Don't forget to read ALL the problems. I wish you good luck and high ratings!
I tried my best to create some good problems and clear short statements, so I hope you'll enjoy the round and find a problem you like :)
UPD: Editorial
UPD: Winners and First-to-solve
Div1 + Div2
Place | Participant |
---|---|
1 | A_G |
2 | Rubikun |
3 | kotatsugame |
4 | 244mhq |
5 | risujiroh |
Div2
Place | Participant |
---|---|
1 | Perfectt |
2 | Hovery |
3 | UmajiHidakata |
4 | ivatopuria |
5 | wrihapcod |
First-to-solve
Task | Participant |
---|---|
A | arvindf232 |
B | A_G |
C | ksun48 |
D | kaiboy |
E | wsyear |
F | triple__a |
div2 round witih more div1 testers. not good.

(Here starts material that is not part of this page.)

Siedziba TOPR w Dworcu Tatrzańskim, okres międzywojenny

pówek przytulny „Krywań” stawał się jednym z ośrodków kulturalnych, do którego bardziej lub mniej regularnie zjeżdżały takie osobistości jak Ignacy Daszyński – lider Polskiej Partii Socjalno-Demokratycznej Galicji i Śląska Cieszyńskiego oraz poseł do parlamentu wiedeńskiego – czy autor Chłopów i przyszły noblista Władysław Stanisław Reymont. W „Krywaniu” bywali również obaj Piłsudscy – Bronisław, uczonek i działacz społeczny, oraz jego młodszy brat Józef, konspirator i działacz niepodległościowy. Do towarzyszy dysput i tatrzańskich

As a not tester and not participant and shin chan supremacist, gimme downvotes.
Contest with short statements. I hope we'll enjoy.
Div.2 round with "3250" point's problem, quite interesting.

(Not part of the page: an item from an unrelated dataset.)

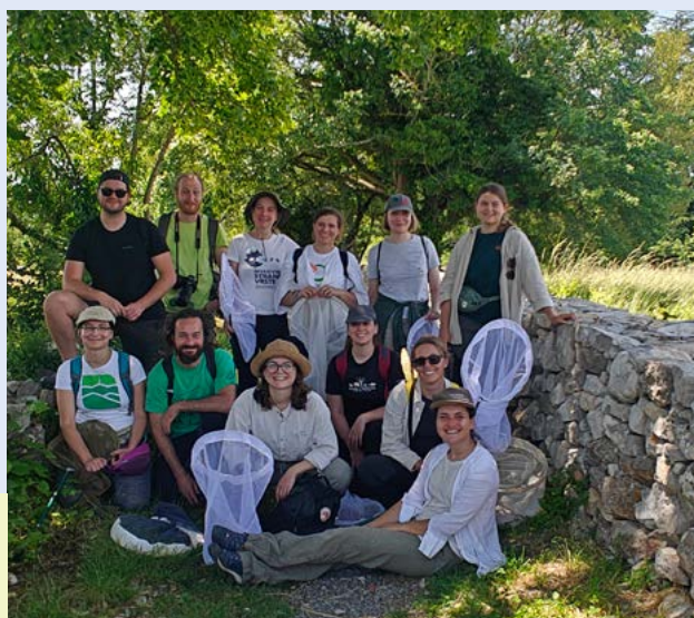
Usposabljanje za določanje čebel samotark za udeležence iz Slovenije in Hrvaške.

Ha felt like forever since the last contest.
Excited to take part in this contest.
No 'As a tester' comment, interesting
surprising
hoping for easy A this time ;)
Don't hope for easy A. Hope for surviving hard A's. Hope for becoming strong.
buddy if there will no easy A then the number of people participating in contest will be less (people just leave just by seeing A)eventually affecting the ranking
Yeah. That's also a valid point. But I don't care tbh.
Welcome to pupils mate
I was planning for that. Now I will be rated for tomorrow's contest. Hahaha. I will see you guys on Div4. I will try to solve all problems within 1 hour 30 min.
Well, all I can say is best of luck tomorrow :)
Hmm. Same to you brother.
jinxed lol, A was too hard
At least I solved it and learned from it. that's what matters to me.
I survived it lol.
Good luck for all of us
Looking forward to be sad like him
Div √2
lol
Thanks for the toughest contest I have ever seen.
That definitely not the toughest. But yeah it was on the harder side for sure.
Yeah 10 WA on A and for sure it is not a tough contest.
I have seen harder A's than this. You just started in mid 2022. I am here since 2020. There was a contest in 2020, I don't remember both A and B were the 1500s and non-trival.
Who said it was not tough? Maybe your English is broken. Read my comment again sir.
I don't have much to fix anything broken but you might need as you missed the line where I mentioned "I have ever seen." So please save your time and stop replying anymore you LOSER..
Hardest A, A took me longer than B and C combined.
+1
Problem E — F ratings are different from the blog post. Neither that it matters to me. xD ... cos I solved none of it.
Toughest A or Easiest C?
Weirdest contest for me.
C and D are like leetcode mediums
exactly, Leetcode standard DP problem.
Umm, which problem are you referring to ? is it about problem D? How exaclty dp works here, please explain!
refer this
how to do B ?
if it is already palindrome then answer will be 0 because you can take mod with any infinite value and thus answer will be zero in this case.
Now check the pairs from start and end and store the absolute difference of these numbers in a vector or array. now print the GCD of all the values. Because gcd will give the same modulus to all pairs.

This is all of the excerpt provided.